Llegamos al aeropuerto y le di las gracias por el viaje y por compartir su historia. No pensé en su historia por un tiempo. Luché para entender mi posición de privilegio en comparación con la de muchos centroamericanos de mi edad.

He enseñado un curso sobre entroamericanos en los EEUU durante varios años en la universidad San Francisco State, y uno de sus principales objetivos es entender la migración. Hemos leído un libro fantástico, pero espeluznante sobre este tren, escrito por el periodista salvadoreño Oscar Martínez llamado La Bestia. Una cosa es leer sobre estas historias y otra, completamente, cuando es contada por alguien que lo ha vivido.

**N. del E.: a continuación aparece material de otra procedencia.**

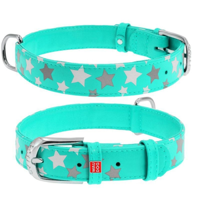 Ошейник WAUDOG Glamour с узором "Звездочка", Ментоловый M 30-39 см
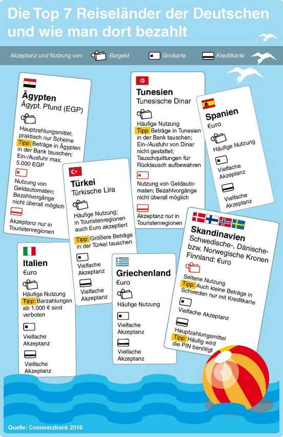 Während in Ägypten Bargeld an erster Stelle steht, kommt man in Skandinavien ohne Kreditkarte nicht weit: Wer jetzt in den Sommerurlaub startet, sollte auch an die richtige Reisekasse denken. Die besten Tipps hat die Commerzbank zusammengestellt:
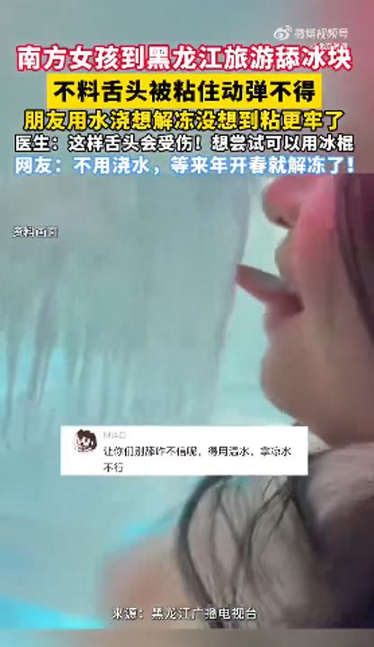 万生优配 南方女孩舔黑龙江户外冰砖,舌头被牢牢黏住,朋友用水浇想解冻没想到黏更牢

No fue hasta que visité la exposición ‘MONTARlaBestia’ en el Centro de Estudios Latinoamericanos en Berkeley, que volví a pensar en la historia de Cuca. La exposición es una instalación que fusiona arte y poesía para mostrar versiones miniatura de vagones y vías que representan a la bestia. Las piezas son un recordatorio de la odisea que cientos de migrantes realizan para que, luego, cuando ingreses a un edificio de oficinas lo encuentres limpio o puedas compartir esa foto de tu próxima comida (culpable, #foodie), pero también es un recordatorio de que hay muchos más, como Cuca, que no lo pudieron lograr.

La muestra está compuesta por un centenar de artistas que formaron el Colectivo de Artistas Contra la Discriminación en colaboración con el Museo Mexicano, el Consulado General de México en San Francisco y la Agencia Mexicana de Cooperación Internacional para el Desarrollo. Su objetivo es “hacer conciencia sobre la migración y cómo esta marginaliza a una población ya vulnerable”.

MONTARlaBestia, patrocinada por Richard A. Levy, y Andrew Kluger, se exhibe en el Centro de Estudios Latinoamericanos, en el 2334 de la cale Bowditch en Berkeley. La exposición estará vigente hasta el 29 de septiembre y puede ser visitada de martes a viernes, de la 1 pm a las 5 pm.